**Provided records**
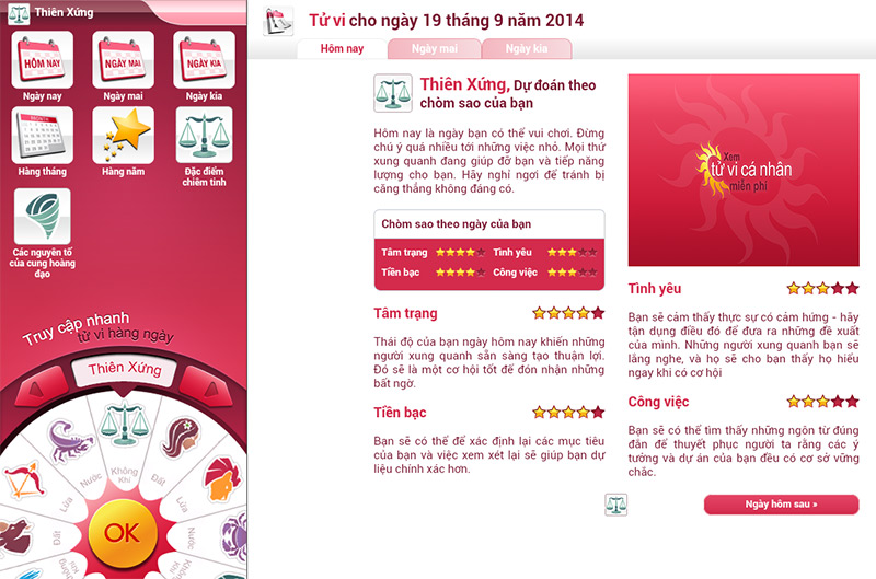 | Tính năng nổi bật | Xem tử vi hàng ngày cụ thể hôm nay/ngày mai/ngày kia kèm lời khuyên chi tiết từng cung; hỗ trợ tính toán bói toán cá nhân tuỳ sinh nhật cụ thể |
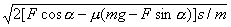 如图所示,用拉力F使一质量为m的木箱由静止开始在水平冰道上移动了一段位移s,拉力与木箱前进方向的夹角为a,木箱与冰道间的动摩擦因数为μ.则木箱的速度为________.![]()
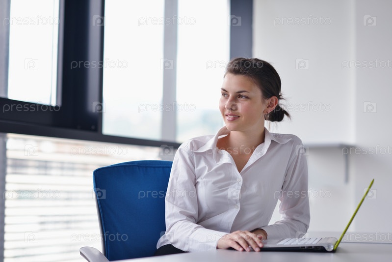 Молодая красивая бизнес-леди с ноутбуком в офисе
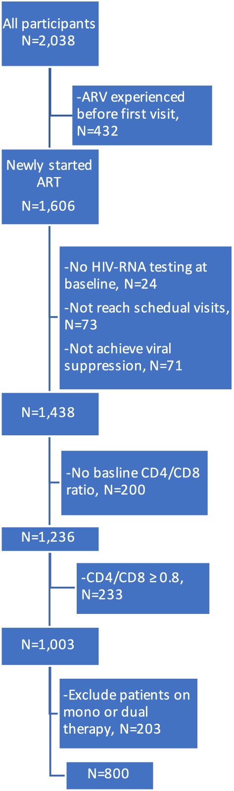 Conclusions: Our findings showed that complete immune recovery is uncommon in an Asian setting and earlier ART initiation at higher CD4 counts may have increased the ratio sooner. The findings demonstrate the use of CD4/CD8 ratio as a prognostic marker for clinical progression of NAEs. Trial registration HIV-NAT 006 cohort, clinical trial number: NCT00411983.
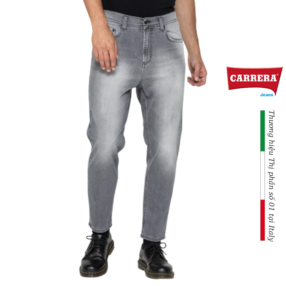 Quần jean 5 túi kiểu dáng baggy, eo thường có khóa kéo, đũng quần tụt và mắt cá chân có đáy hẹp. Nhãn thương hiệu ở mặt sau của thắt lưng, nút và đinh tán Carrera. Chất liệu denim lý tưởng cho những ai đang tìm kiếm một chiếc quần thoải mái với kiểu dáng hiện đại, được làm từ vải co giãn “Spintech - chỉ cotton trên da”.
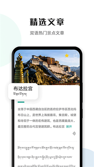 藏译通手机版是藏汉互娱为广大藏族的用户们提供的一款智能翻译软件,该软件能够将你所需要翻译的语言直接进行输入和转换成藏语文字。它不仅可以让你在藏文中轻松得到藏籍中文、阿拉伯语、韩文本等多种语言之间互相实时识别语音并支持多国语言相互切换;同时还有着丰富的藏文化内容供用户阅读学习!
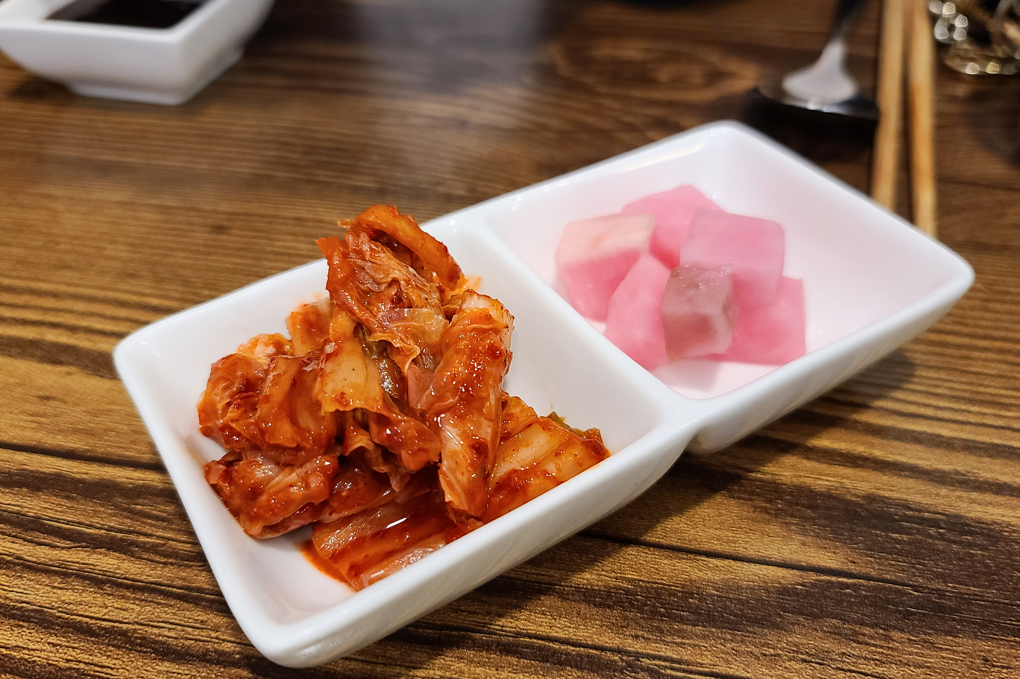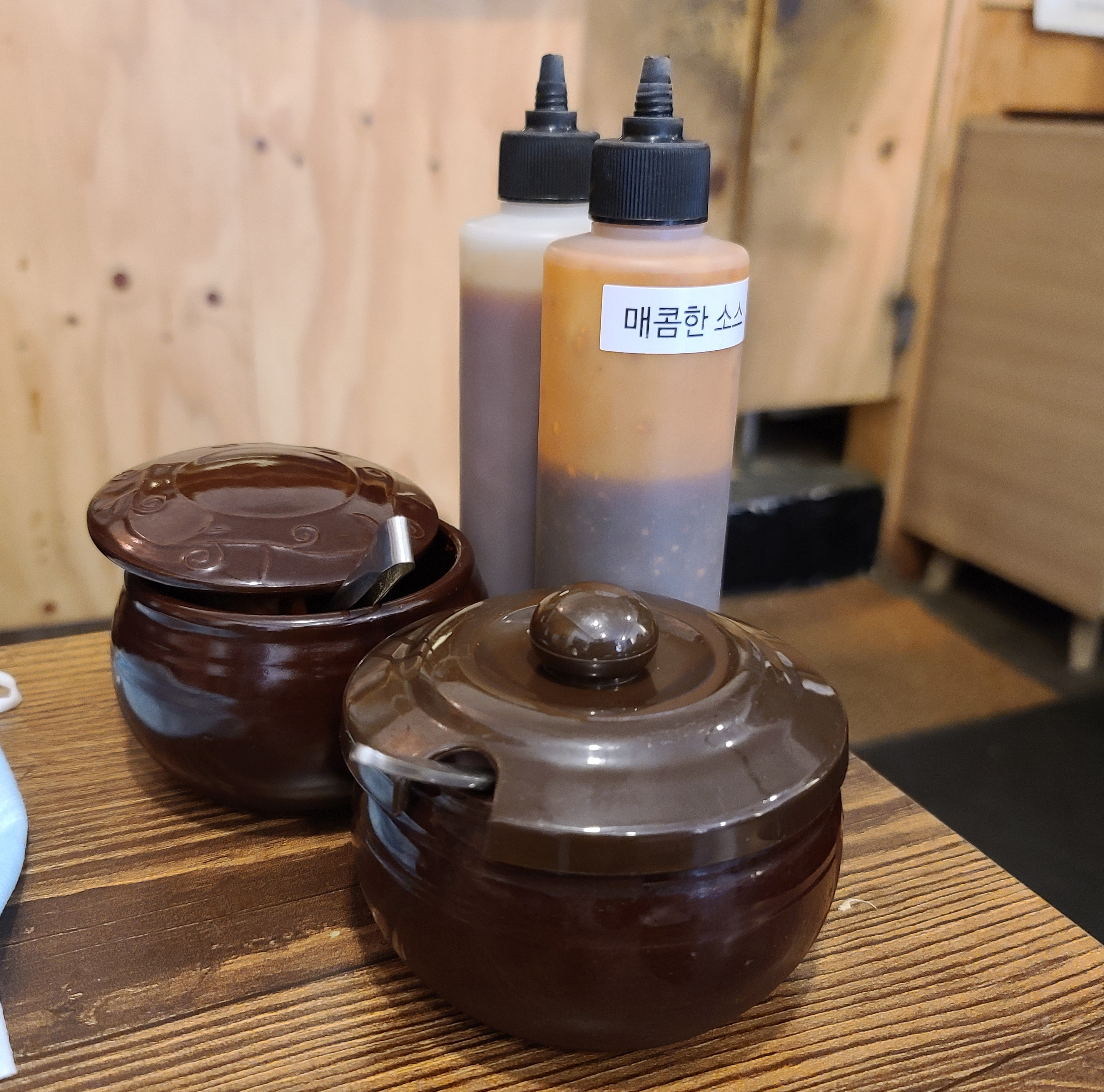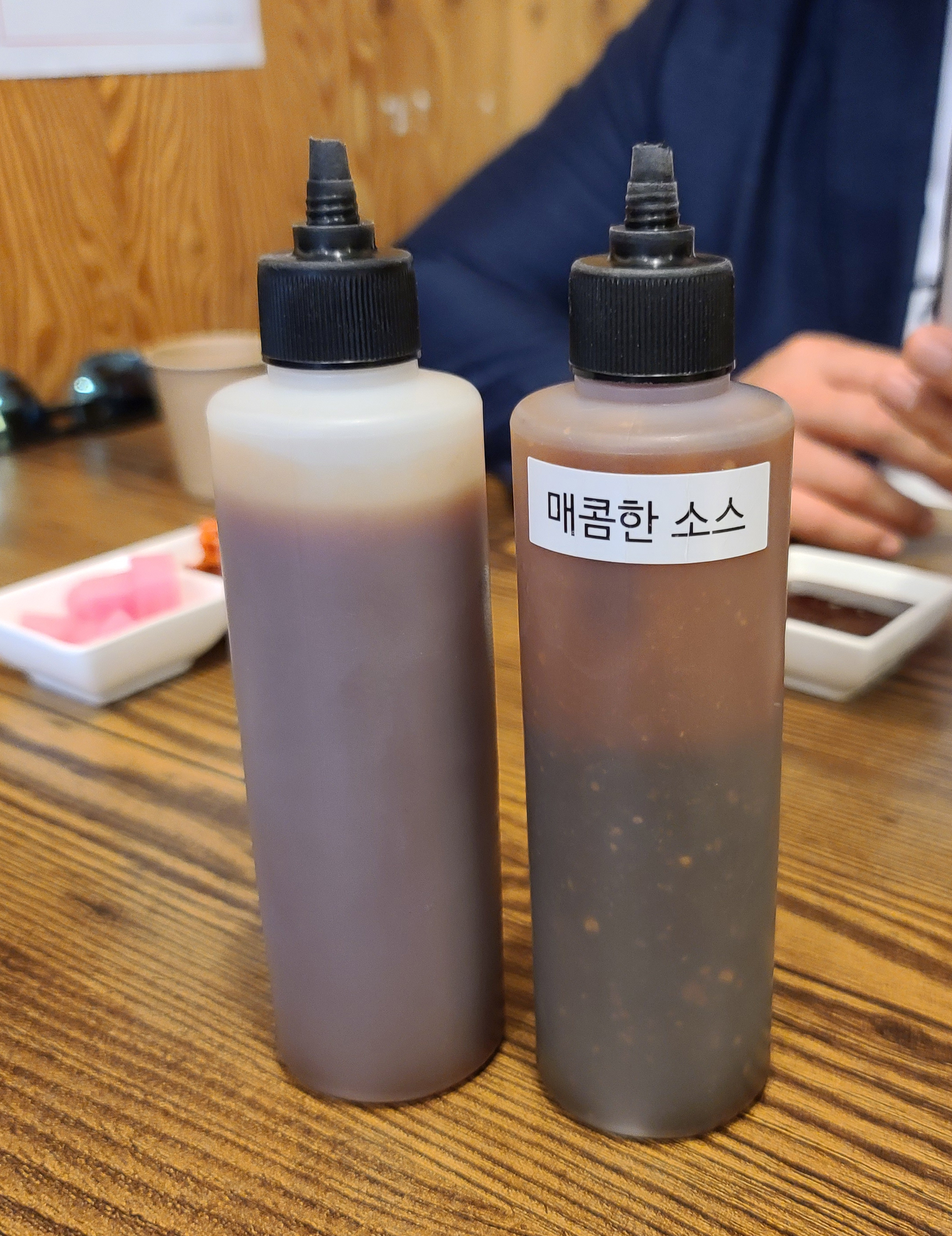 반찬통과 소스를 직접 덜어먹을 수 있게 되어있었으며, 반찬은 배추김치, 무 피클이 있었습니다. 소스는 기본 소스와 매콤한 소스가 있는데, 저는 매콤한 소스를 좋아해서 매운 소스만 덜어 먹었습니다.
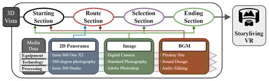 Technical implementation involved multiple data collection and processing steps, organized into the pipeline shown in Figure 9. Two-dimensional panoramas and images were captured using an Insta 360 One X2 (manufactured by Insta360, Los Angeles, CA, USA) and a digital camera, with BGM sourced from Pixabay. The assets were processed using Insta 360 Studio, Adobe Photoshop (Version 25.9), and a sound editor.

**Task objective**
Could each line of the data be written out exactly, with no pictures included?

**Output of the exercise**
 | Tính năng nổi bật | Xem tử vi hàng ngày cụ thể hôm nay/ngày mai/ngày kia kèm lời khuyên chi tiết từng cung; hỗ trợ tính toán bói toán cá nhân tuỳ sinh nhật cụ thể |
 如图所示,用拉力F使一质量为m的木箱由静止开始在水平冰道上移动了一段位移s,拉力与木箱前进方向的夹角为a,木箱与冰道间的动摩擦因数为μ.则木箱的速度为________.![]()
 Молодая красивая бизнес-леди с ноутбуком в офисе
 Conclusions: Our findings showed that complete immune recovery is uncommon in an Asian setting and earlier ART initiation at higher CD4 counts may have increased the ratio sooner. The findings demonstrate the use of CD4/CD8 ratio as a prognostic marker for clinical progression of NAEs. Trial registration HIV-NAT 006 cohort, clinical trial number: NCT00411983.
 Quần jean 5 túi kiểu dáng baggy, eo thường có khóa kéo, đũng quần tụt và mắt cá chân có đáy hẹp. Nhãn thương hiệu ở mặt sau của thắt lưng, nút và đinh tán Carrera. Chất liệu denim lý tưởng cho những ai đang tìm kiếm một chiếc quần thoải mái với kiểu dáng hiện đại, được làm từ vải co giãn “Spintech - chỉ cotton trên da”.
 藏译通手机版是藏汉互娱为广大藏族的用户们提供的一款智能翻译软件,该软件能够将你所需要翻译的语言直接进行输入和转换成藏语文字。它不仅可以让你在藏文中轻松得到藏籍中文、阿拉伯语、韩文本等多种语言之间互相实时识别语音并支持多国语言相互切换;同时还有着丰富的藏文化内容供用户阅读学习!
 반찬통과 소스를 직접 덜어먹을 수 있게 되어있었으며, 반찬은 배추김치, 무 피클이 있었습니다. 소스는 기본 소스와 매콤한 소스가 있는데, 저는 매콤한 소스를 좋아해서 매운 소스만 덜어 먹었습니다.
 Technical implementation involved multiple data collection and processing steps, organized into the pipeline shown in Figure 9. Two-dimensional panoramas and images were captured using an Insta 360 One X2 (manufactured by Insta360, Los Angeles, CA, USA) and a digital camera, with BGM sourced from Pixabay. The assets were processed using Insta 360 Studio, Adobe Photoshop (Version 25.9), and a sound editor.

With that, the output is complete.